Another adaptive law designing approach for a two-dimensional nonlinear system is proposed in the work.²³ In this work, based on the STW including uncertain term, the equivalent value of the uncertainties is obtained by exploiting the uncertain information contained in the equivalent control, and then an adaptive law is directly designed according to the equivalent value. Consequently, smaller switching gains can be obtained due to the real-time estimated value of the uncertainties. However, two shortcomings exist in the work²³: (1) In the reaching phase of the SMC, the system state is away from the sliding surface, which will cause the failure of the equivalent control; (2) the changing speed of the switching gains is not considered, so when the uncertainties change rapidly, the switching gains cannot be quickly adjusted to the minimum.

To this end, this thesis takes a hybrid robot as the research object, and a global robust STW method with adaptive switching gains is developed. Firstly, an improved sliding surface is designed to eliminate the reaching phase of the SMC and to achieve the global robustness of the control system. Then, the STW law is reconstructed on the basis of the uncertain hybrid robot and an adaptive law is proposed to simultaneously adjust the speed and size of the switching gains in the premise of unknown upper bound information about the time-varying uncertainties, and thereby smaller switching gains can be obtained quickly to suppress the chattering significantly while the global robustness of the system is ensured. Consequently, the robustness performance of the dynamic SMC in the uncertain hybrid robot system is improved.

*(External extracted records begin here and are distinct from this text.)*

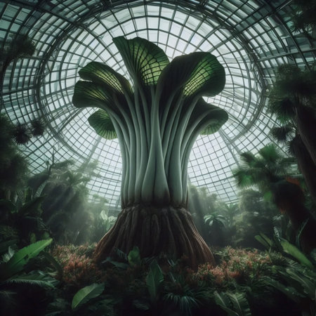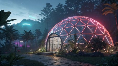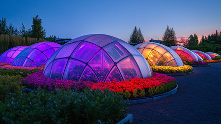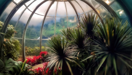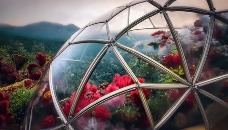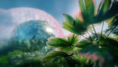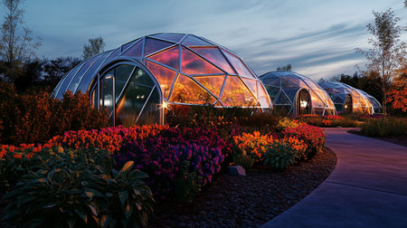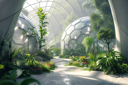 Experience the tranquility of a futuristic geodesic dome greenhouse oasis with lush vegetation and modern architecture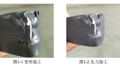 長期以來,不論是傳統(tǒng)的“有鉻鈍化”處理還是新興的“無鉻鈍化”處理,噴涂后的鋁型材 存在的共性問題是難以滿足較大變型加工和較大壓力的加工過程。(如圖1-1、圖1-2所示)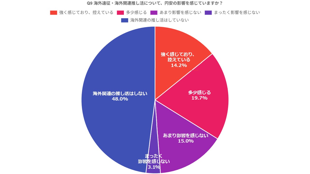 Q9:海外遠征・海外関連推し活について、円安の影響を感じていますか?(単一回答 n=127)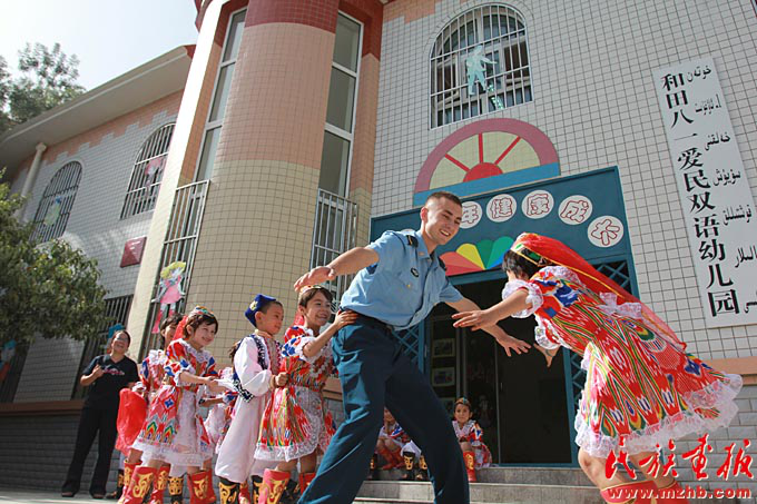 民族團(tuán)結(jié)是國(guó)家統(tǒng)一、繁榮昌盛的前提和保證,各民族“共同團(tuán)結(jié)奮斗,共同繁榮發(fā)展”是我國(guó)民族工作的主題。全國(guó)各地扎實(shí)開(kāi)展民族團(tuán)結(jié)進(jìn)步創(chuàng)建工作,平等團(tuán)結(jié)互助和諧的社會(huì)主義民族關(guān)系進(jìn)一步鞏固和發(fā)展。2011年,空軍駐新疆和田某指揮所首次投資80萬(wàn)元,開(kāi)辦了和田八一愛(ài)民雙語(yǔ)幼兒園,讓30個(gè)家庭的孩子進(jìn)入雙語(yǔ)班成為首批“藍(lán)天春蕾兒童”。圖為維吾爾族戰(zhàn)士艾力夏提和該園兒童一起玩老鷹捉小雞游戲。《民族畫(huà)報(bào)》2011年第11期
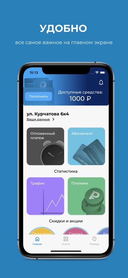 В приложении мы предусмотрели все для удобства, чтобы находясь в любой точке мира была возможность вносить оплату, подключать услуги и контролировать свой Личный кабинет.

The rest of the article is organized as follows. In the second section, for the uncertain hybrid robot system, a global robust STW controller with adaptive switching gains is proposed and then the stability of the controller is proved theoretically. To validate the effectiveness and superiority of the proposed algorithm, the hybrid robot prototype for automobile electro-coating conveying²⁴ and comparative simulation based on the prototype are respectively covered in the third section and the fourth section. For further verification, the proposed STW controller is applied to the prototype for experiment in the fifth section. Finally, conclusions are outlined in the sixth section.

Controller design

The standard dynamic equation of the hybrid robot can be expressed as²⁵

M ((q)) \ddot{q} + C ((q, \dot{q})) \dot{q} + G ((q)) = τ

where $q$ is the generalized pose vector of the hybrid robot system, $M (q)$ is the positive definite and symmetric inertia matrix, $C (q, \dot{q})$ is the centrifugal and Coriolis term, $G (q)$ is the gravity term, and $τ$ is the vector of generalized driving force/torque.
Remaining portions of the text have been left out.